As for the runners-up, well, pick almost any other member of this cast of barely-archetypical characters. There's Pete (Matt Walsh), the storm-chaser/documentarian who has spent an entire season without seeing a single tornado, and this is the year he wants to get footage inside the eye of a twister.

He blames his team's meteorologist Allison (Sarah Wayne Callies), whose job seems to consist entirely of watching television weather reports. To be fair, though, she watches those weather reports with the aid of a doctorate.

Pete also has a team of three cameramen, which seems a bit excessive considering that his bulletproof-windowed, armored vehicle also has 24 cameras attached to it. After their introduction, we really only know these cameramen exist because director Steven Quale has opted for a faux-documentary approach to the material. We spot their arms or a glimpse of a camera, and of course, Pete has apparently ordered them to shoot every, damned thing that happens, whether it's tornado-related or not.

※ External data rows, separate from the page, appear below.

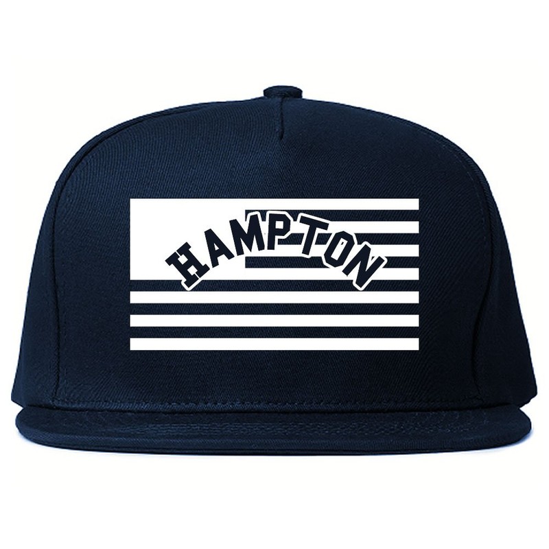 - PRODUCT: Our City Of Hampton with United States Flag Snapback Hat Cap Navy Blue is a classic style basbeball cap with a flat brim featuring a unique graphic print design on front by clothing brand KINGS OF NY.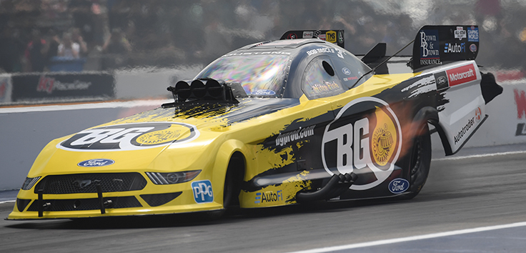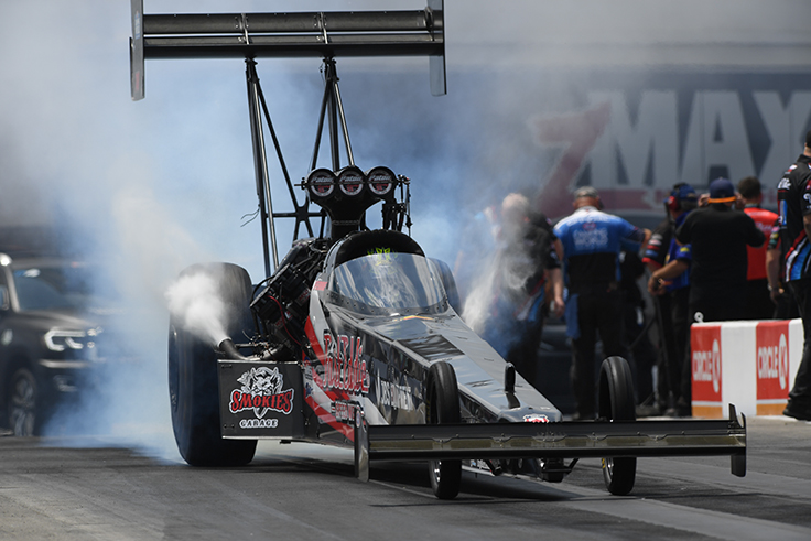 John Force, who broke the track speed record in qualifying with a pass of 334.24, bettered it in round one with a blast of 335.07 but didn’t win his quad, finishing second behind Bob Tasca III, 3.878 to 3.892. Alexis DeJoria finished third behind the pair.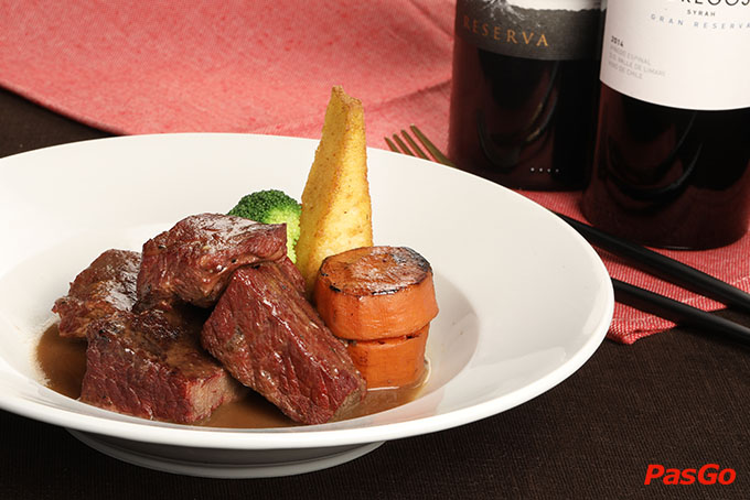 Với một nhà hàng Steak chuẩn Pháp, điều đầu tiên cần có là thực đơn các loại Steak đa dạng tiếp đến là chất lượng nguyên liệu và hương vị. Đúng vậy, lướt qua một lượt thực đơn tại đây, mình thật sự hài lòng bởi sự phong phú của Steak nơi đây có: AUS Top Blade (Lõi vai bò Úc), AUS Striploin (Thăn ngoại bò Úc), Grilled Lamb Rack (Sườn cừu kiểu Pháp), Đùi cừu hầm, Cá hồi áp chảo, Tráng miệng kiểu Pháp (Chocolate Tart, Cream Brulee)…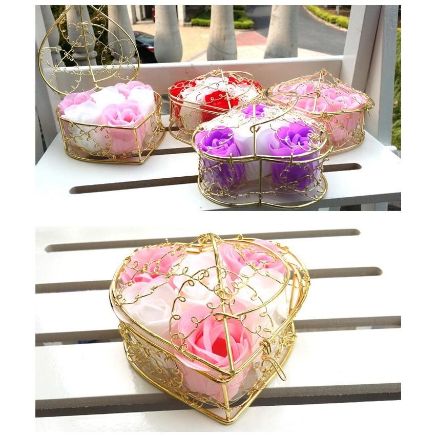 6 Flowers/Box Valentines Day Gift for Wedding Gifts[Easy To Use]It's an perfect desktop decor.Lightweight,portable,you can put it wherever you want.There is a special handle on the metal basket,you can hang it to any place as well.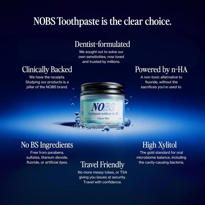 NOBS: Clean, effective, and mess-free. These nano-hydroxyapatite toothpaste tablets are a smarter alternative to fluoride — restoring enamel, polishing teeth, and freshening breath without harsh ingredients. Safe for kids who can chew, perfect for travel, and packaged plastic-free in a sleek glass jar.

One of the cameramen (Jeremy Sumpter) is scared of tornadoes, so of course he will be the one to do the single, stupidest thing we've seen in the movie until that point (It involves a flaming cyclone). That he actually follows it up with an act that is even more nitwitted (It involves chasing a camera being sucked up by the flaming twister) is an accomplishment that almost puts him over Donk and Reevis.

Another cameraman (Arlen Escarpeta) gives the scared one a pep talk, and the third (Lee Whittaker) appears and disappears depending on whether or not the screenplay by John Swetnam remembers that the character exists. For the sake of sanity, it's best to assume that the third guy is one the filming a scene whenever one is inclined to ask, "Who's filming this scene, anyway?" That inclination rises often.

There are more characters, and yes, like the movie, we will get to the tornadoes eventually. Donnie (Max Deacon) is a junior at the local high school where all the twister-related activity inevitability—but slowly—occurs. He's recording video time capsules for the town at the request of his father Gary (Richard Armitage), the vice principal at the school.

Donnie has worked up the courage to speak to his crush Kaitlyn (Alycia Debnam Carey), who is also—unsurprisingly—working on a video project to document the chemical hazards at an abandoned paper mill. The two are there when the tornadoes start to hit, while Gary and his other son Trey (Nathan Kress) are busy—you guessed it—filming the high school's graduation ceremony.

Now we have finally come to the storms, and they are quite the pieces of computer-generated spectacle. Here, the multiple-camera, fake-documentary mode of the movie somewhat pays off, too.

In their best moments, the sequences offer claustrophobic scenes of helplessness—such as when a tornado passes over the high school as students and faculty cower in a hallway that becomes a wind tunnel—or a diminishing perspective of the majestic fury of nature—such as characters searching the skies for where a forming vortex will touch the ground. It's not enough, though, for Quale, who lessens the impact of the earthbound shots with faraway ones of the full scale of the tornadoes. These are ostensibly captured by news helicopters that, one would imagine, would never have been in the air in the first place under these circumstances.

Swetnam and Quale know that one storm isn't enough, so we get a series of them, each one increasing in number or size (Allison says that such a thing is not a "freak occurrence," although her vague non-explanation makes us kind of want to see that degree of hers). The characters, who always stare at an incoming twister for too long before seeking safety, stop mattering as much once the storms start to rage, and we can just allow the wind-and-debris show to overtake us (The movie's last-minute attempt to shift to a more thoughtful tone about the aftermath is hypocritical). There's the right kind of dumb—here, the senseless destruction—and the wrong kind—everything surrounding that devastation. The wrong greatly outweighs the right in Into the Storm.